Highlights of the report:

  • Given the effectiveness of cybercriminals, security will continue to be at risk until passwords are eliminated entirely. 

  • Consumers are wary of biometrics today but will come to accept it just as they did mobile banking.

  • Apple and Google will continue to upgrade and extend the security and biometrics implemented in hardware and operating systems and, due to the broad visibility that these operating systems have into the life of the mobile device user, will have more data than all others for authenticating the individual.

  • Authentication will move from a single challenge event, as done today with fingerprint readers, and evolve into a passive persistent identity trust value. The trust value will be based on multimodal biometrics to include geolocation, known commute and work patterns, passive voice and face recognition, and a range of behavioral inputs. As these improve in verifying authenticity, the challenge event will become relatively rare and specific only to high-risk situations.
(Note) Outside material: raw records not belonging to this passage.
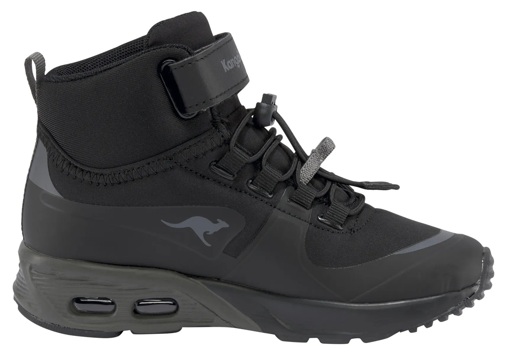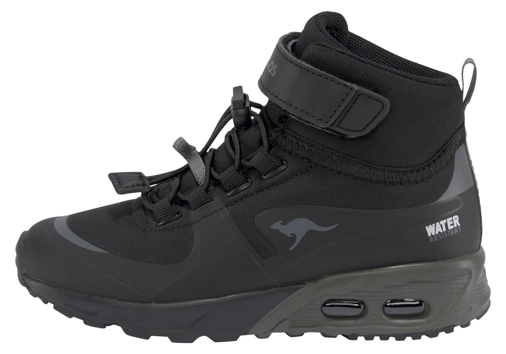 Высокие кроссовки «KX-Hydro» от Kangaroos. Удобный синтетический верхний материал. С видимой воздушной подушкой в ​​пятке. Контрастные детали. Липучка и шнуровка. Мягкий язычок и вход. Потяните вкладку. Профилированная резиновая подошва.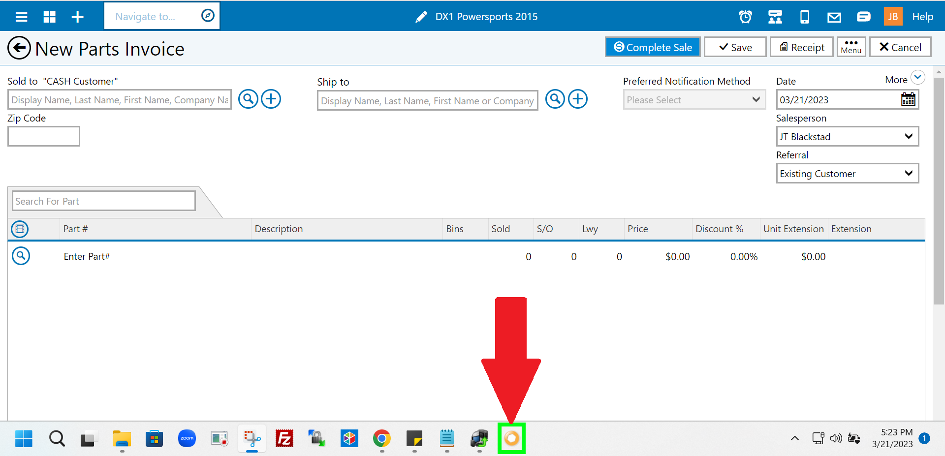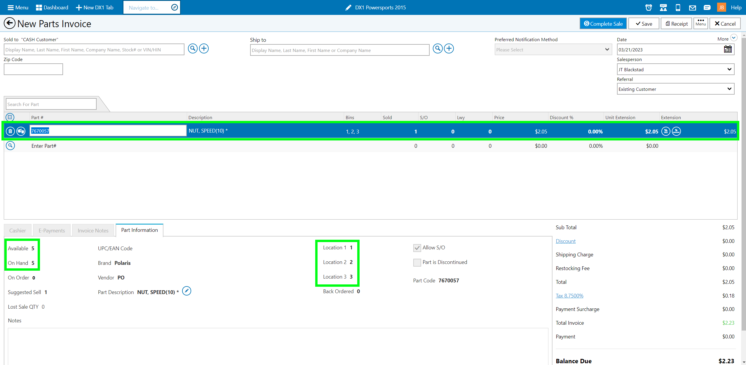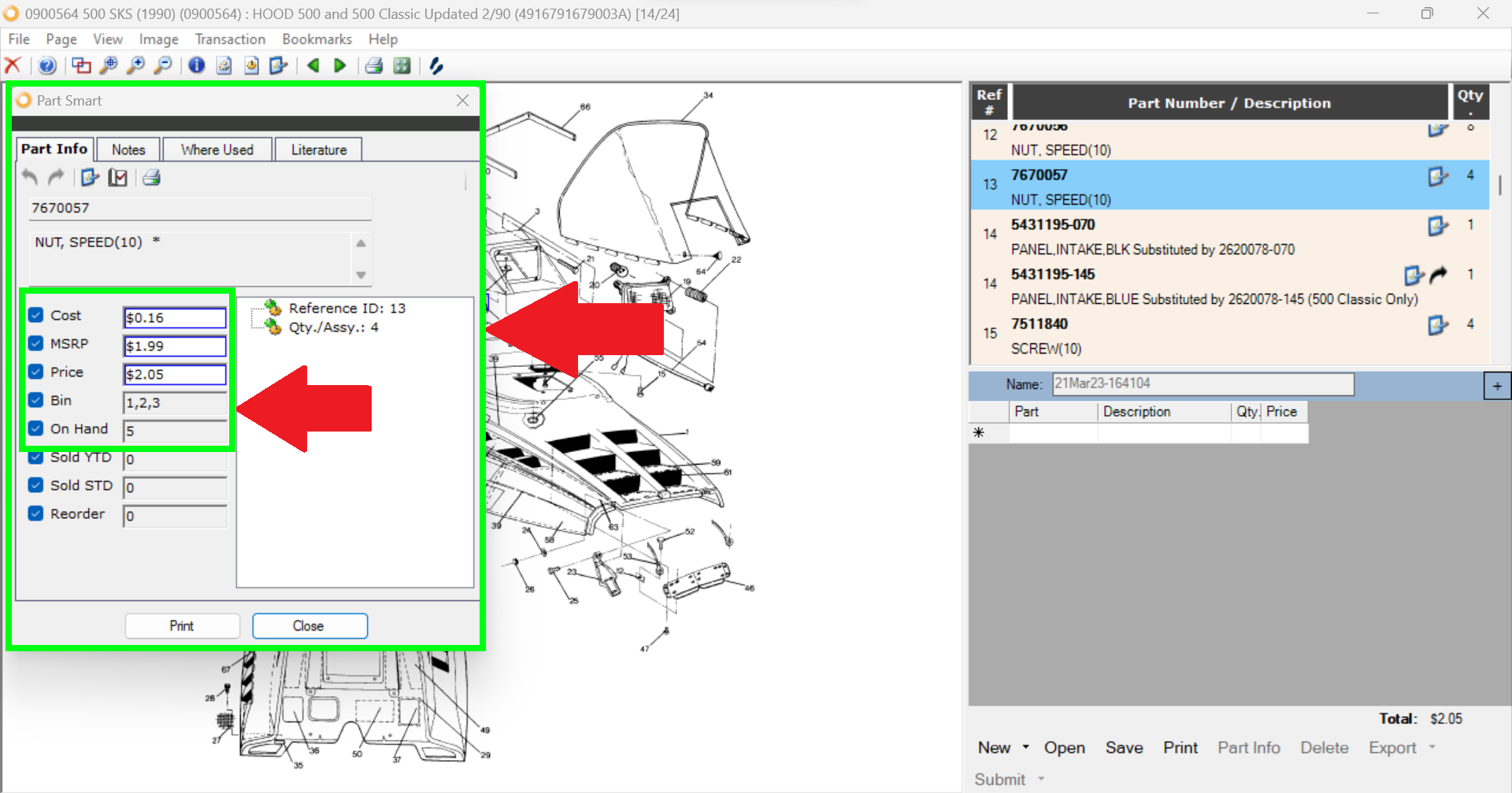 e) This will bring up the parts information pop up, with the integration to DX1 you can see your dealerships part information in the box.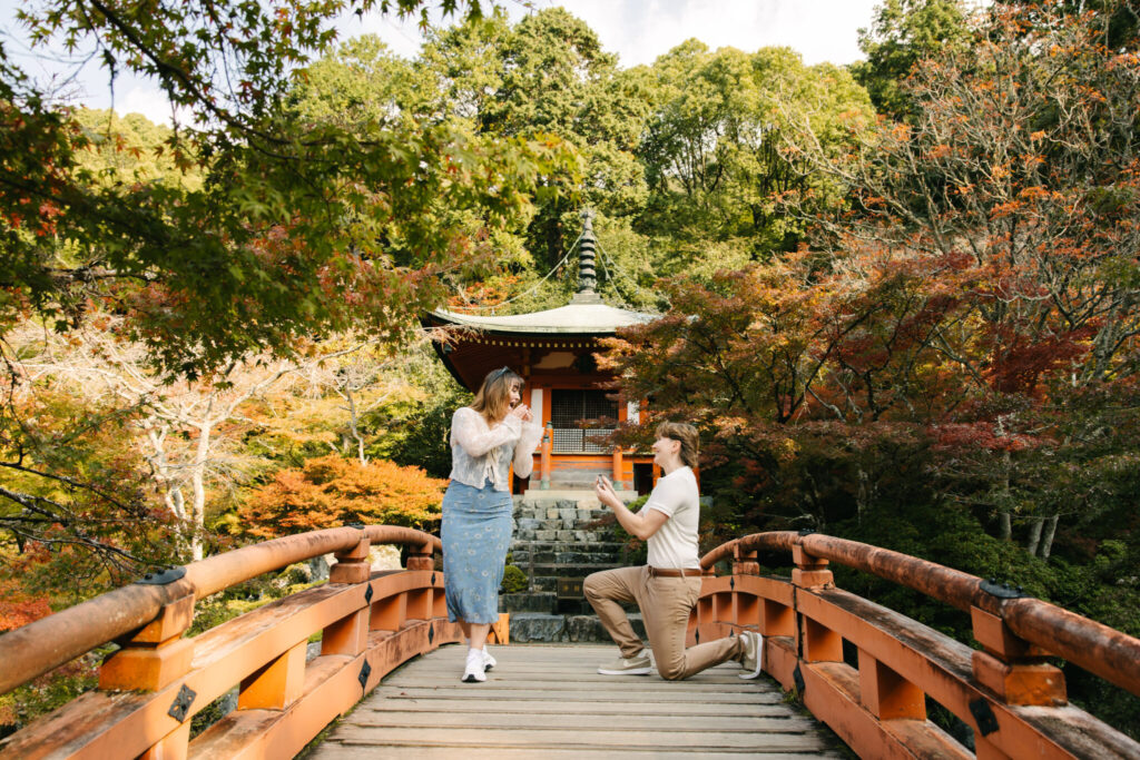 In early November, I had the chance to photograph a wonderful couple during their surprise proposal in Kyoto. To avoid the crowds, we planned a morning photoshoot around 9am. It worked perfectly because the area was still quiet, allowing the entire proposal to unfold smoothly and without any distractions.

  • Smartphone technology is rapidly becoming more secure and broadly available in the U.S. population, which means that broad deployment of biometric hardware by financial institutions is likely to be obsolete in less than 5 years.

  • It is probable that Apple and Google solutions will become critical hardware and software authentication suppliers for the majority of access control scenarios, including devices, call centers, cloud and application authentication needs.

  • Biometric tags and trust decisions should be held and calculated in the device to mitigate risk associated with central storage of credentials and is critical for increased consumer trust. Centralized repositories, no matter how secure, represent a liability from the consumer’s perspective.

  • The FIDO authentication architecture will establish an authentication framework that moves much of the hardware and software into a shared asset resident on the mobile phone, which will greatly lower the cost of deploying authentication solutions.

  • Financial institutions should plan for the biometric world described above. This suggests utilizing the mobile device for authentication wherever possible and to avoid the collection of biometric data centrally as much as possible, as that data represents yet another target for criminals.